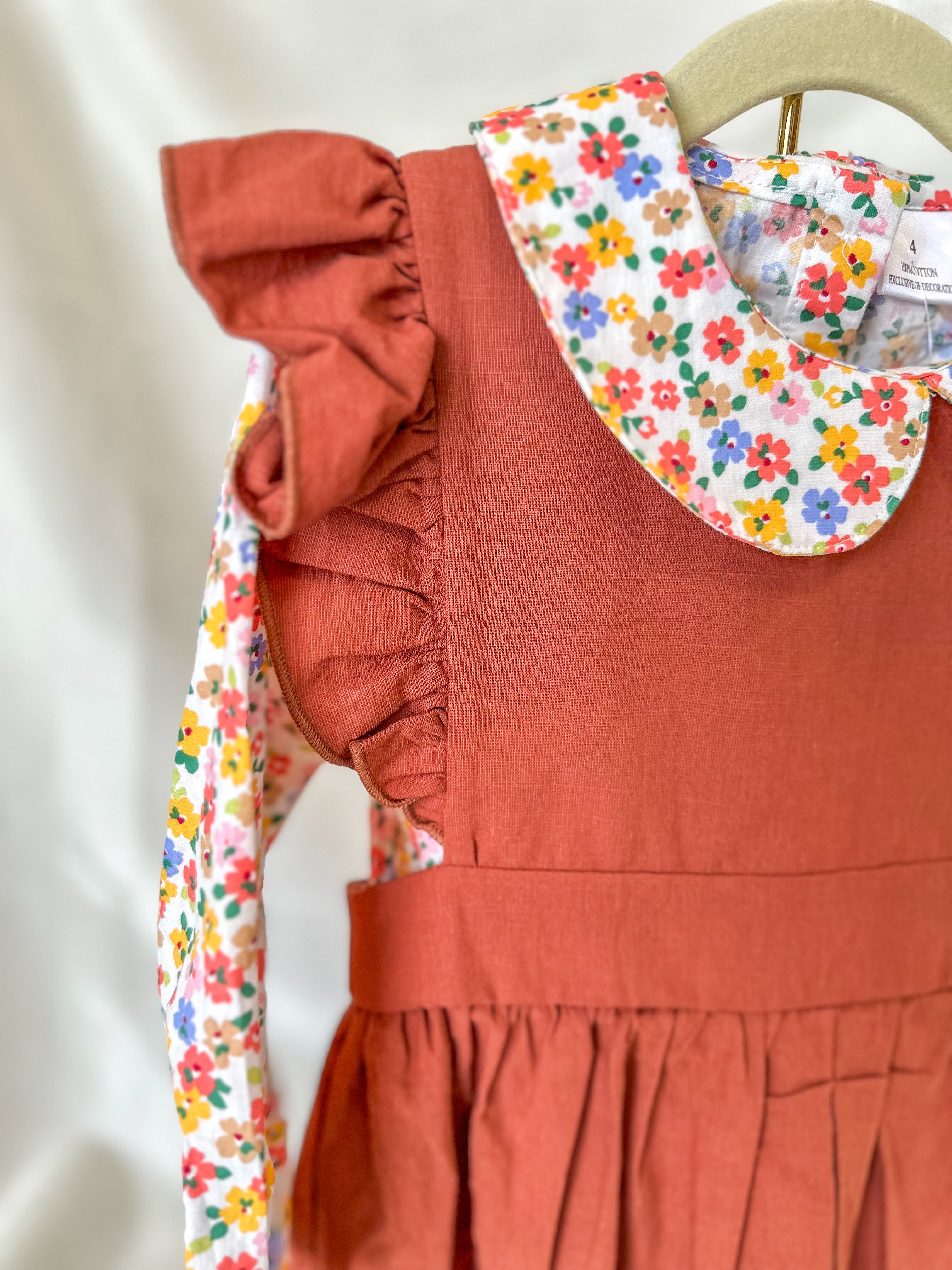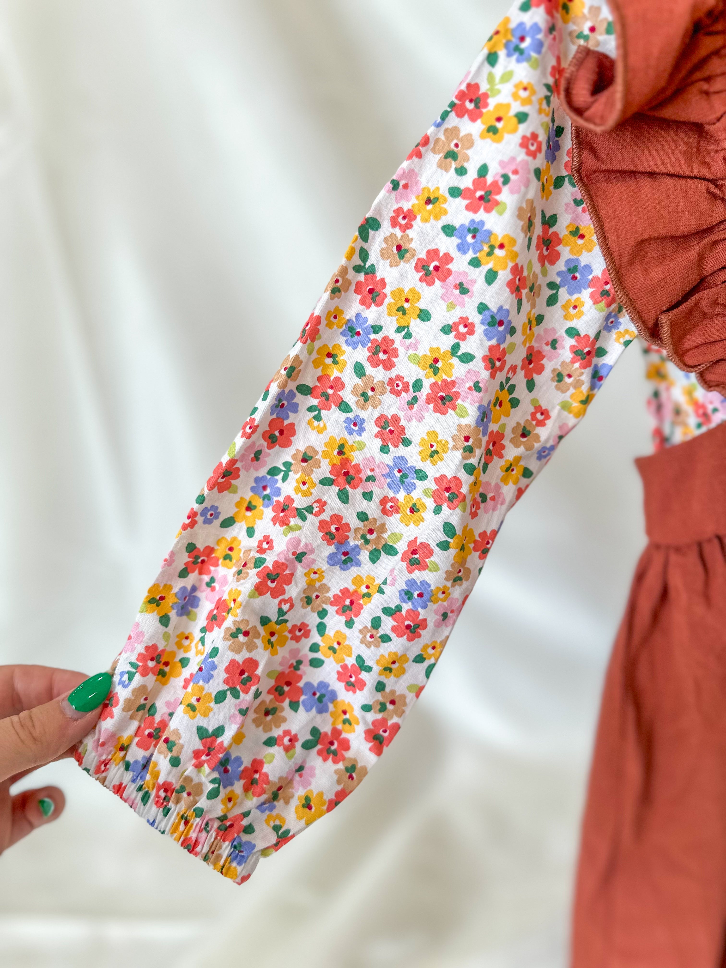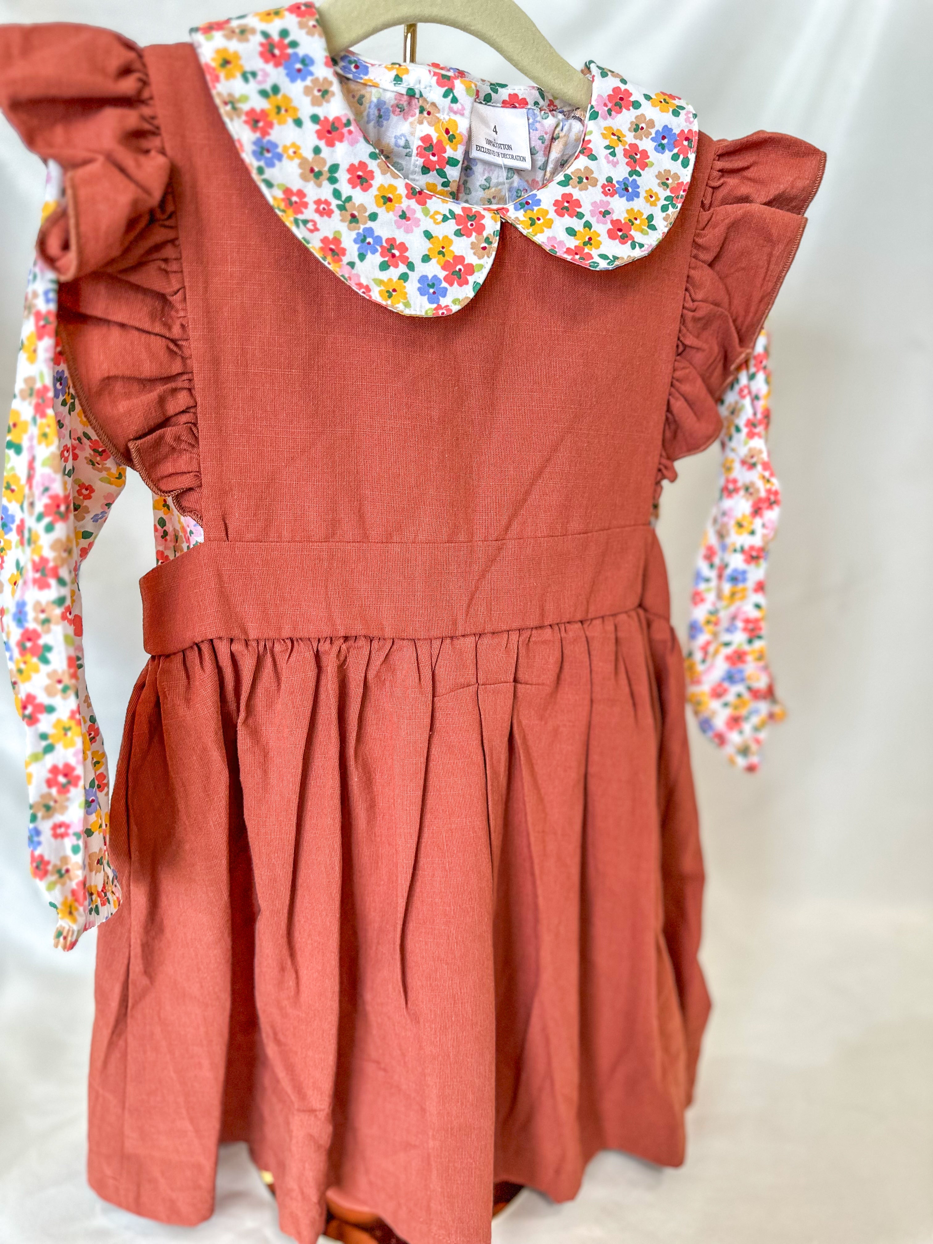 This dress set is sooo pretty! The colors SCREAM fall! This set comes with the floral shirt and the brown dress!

============================================================

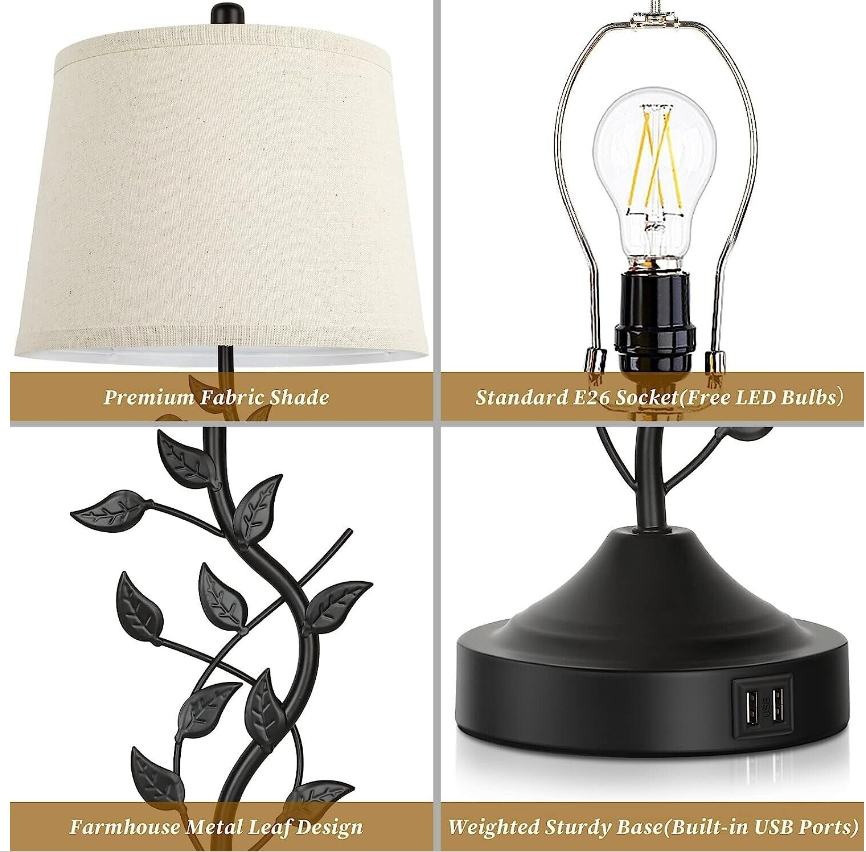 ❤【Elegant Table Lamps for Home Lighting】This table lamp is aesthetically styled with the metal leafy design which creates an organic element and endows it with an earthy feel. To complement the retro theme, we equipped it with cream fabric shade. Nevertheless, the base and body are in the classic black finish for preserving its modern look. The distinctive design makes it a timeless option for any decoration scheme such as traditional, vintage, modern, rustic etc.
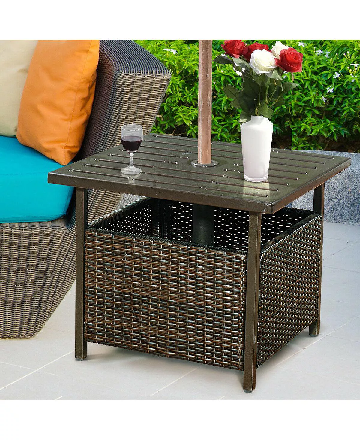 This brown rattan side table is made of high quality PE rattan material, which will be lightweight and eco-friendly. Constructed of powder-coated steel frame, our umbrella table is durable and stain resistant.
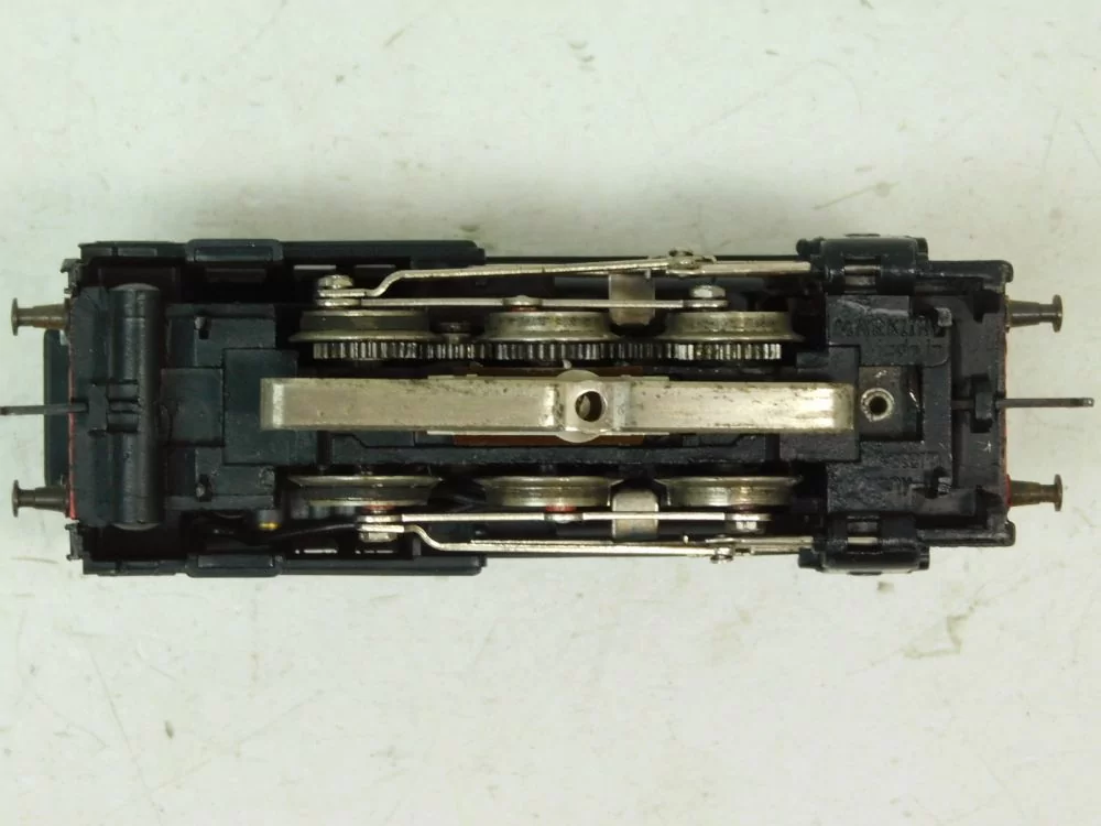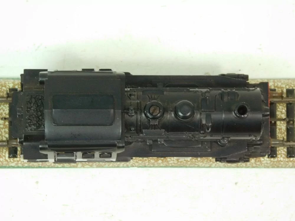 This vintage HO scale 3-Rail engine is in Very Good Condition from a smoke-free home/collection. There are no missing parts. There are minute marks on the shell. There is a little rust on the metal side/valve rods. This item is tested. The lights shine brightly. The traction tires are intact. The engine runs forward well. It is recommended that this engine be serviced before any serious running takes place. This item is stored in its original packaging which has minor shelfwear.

============================================================

The lines above starting at the one that holds "modern, rustic etc." and ending at the one that holds "This vintage HO" are to be written out exactly, ends included, and no pictures are to be copied.

• _Response area_:
 ❤【Elegant Table Lamps for Home Lighting】This table lamp is aesthetically styled with the metal leafy design which creates an organic element and endows it with an earthy feel. To complement the retro theme, we equipped it with cream fabric shade. Nevertheless, the base and body are in the classic black finish for preserving its modern look. The distinctive design makes it a timeless option for any decoration scheme such as traditional, vintage, modern, rustic etc.
 This brown rattan side table is made of high quality PE rattan material, which will be lightweight and eco-friendly. Constructed of powder-coated steel frame, our umbrella table is durable and stain resistant.
 This vintage HO scale 3-Rail engine is in Very Good Condition from a smoke-free home/collection. There are no missing parts. There are minute marks on the shell. There is a little rust on the metal side/valve rods. This item is tested. The lights shine brightly. The traction tires are intact. The engine runs forward well. It is recommended that this engine be serviced before any serious running takes place. This item is stored in its original packaging which has minor shelfwear.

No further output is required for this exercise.